Once other people start using the term you've defined with such care, you lose control of its meaning and definition. Not because they intentionally distort it: it will drift regardless. That's the case, mind you, among academics writing for professional publication, where some rigor in language is to be expected, even if it doesn't occur in fact. Move outside of that restricted space of discourse, and the sky's the limit. When you enter the arena of public discussion at any level, though, you had better be prepared to justify your definitions and your arguments.
Which takes me back to the Asexuality Wiki's remarks about graysexuality vs. asexuality: some graysexuals, it says, might identify as asexual instead "because it is not worth the bother of having to explain these one or two occasions to everyone who asks about their orientation." Again: neither graysexuality nor asexuality is an "orientation." They are identities, and avowing an identity is supposed to inform other people of things about yourself that are important to you, if not to them. "Not worth the bother"?

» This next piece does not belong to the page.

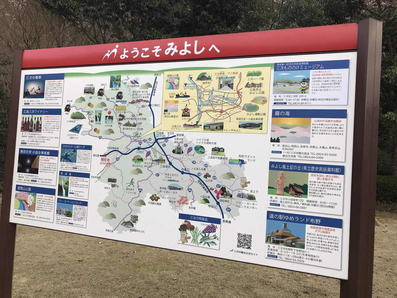 広島と松江、米子を結ぶ高速バスはここで小休憩(トイレ休憩)するため、小さな売店があって地元(三次エリア)のパンやジェラードを販売している(ただし、営業時間は上り線と下り線で午前と午後で分けているようで、開いていない時間が多い)。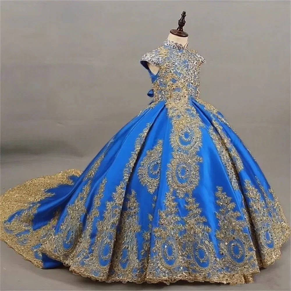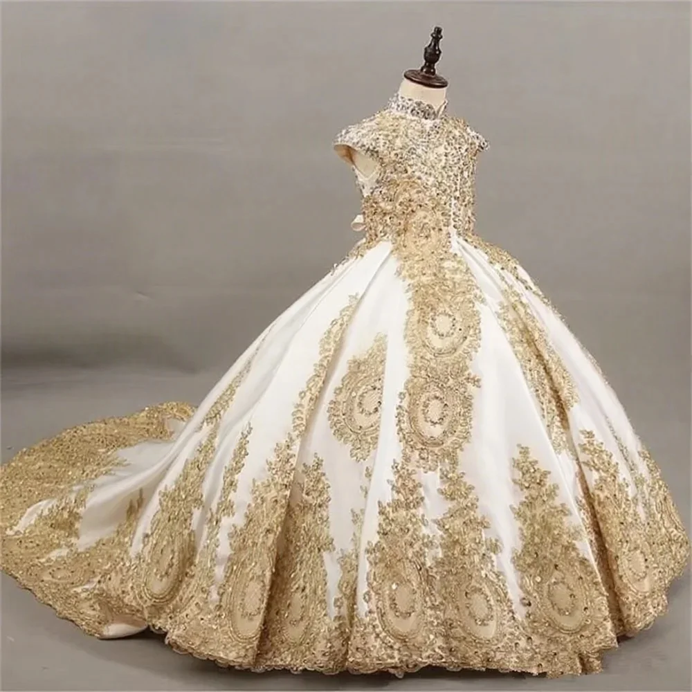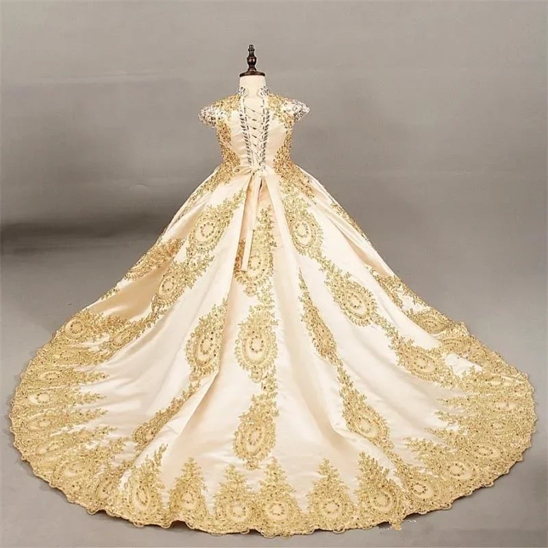 ALI shop - rezultati pretrage ... ... JDY Custom Girls' Sleeveless Ball Gown with Intricate Gold Lace Embroidery & Long Train - Elegant Princess Dress for Special Occ ::: 2021 ::: :::

Who asks you about your orientation anyway? Potential sexual partners? When you've reached the point where it's going to matter, it seems to me that a potential partner is entitled to a fuller and more accurate account of where you stand than a one-word brand name. As I've said before, if you can't give an accurate, honest answer, no classification system will help you. If you're not talking to a potential partner, your orientation or the level of your erotic drive is not their business. One of the really useful things I learned from the advice columnist Miss Manners is that you don't have to give detailed reasons why you're not going to have sex with someone, and there are many reasons besides asexuality or graysexuality why that should be.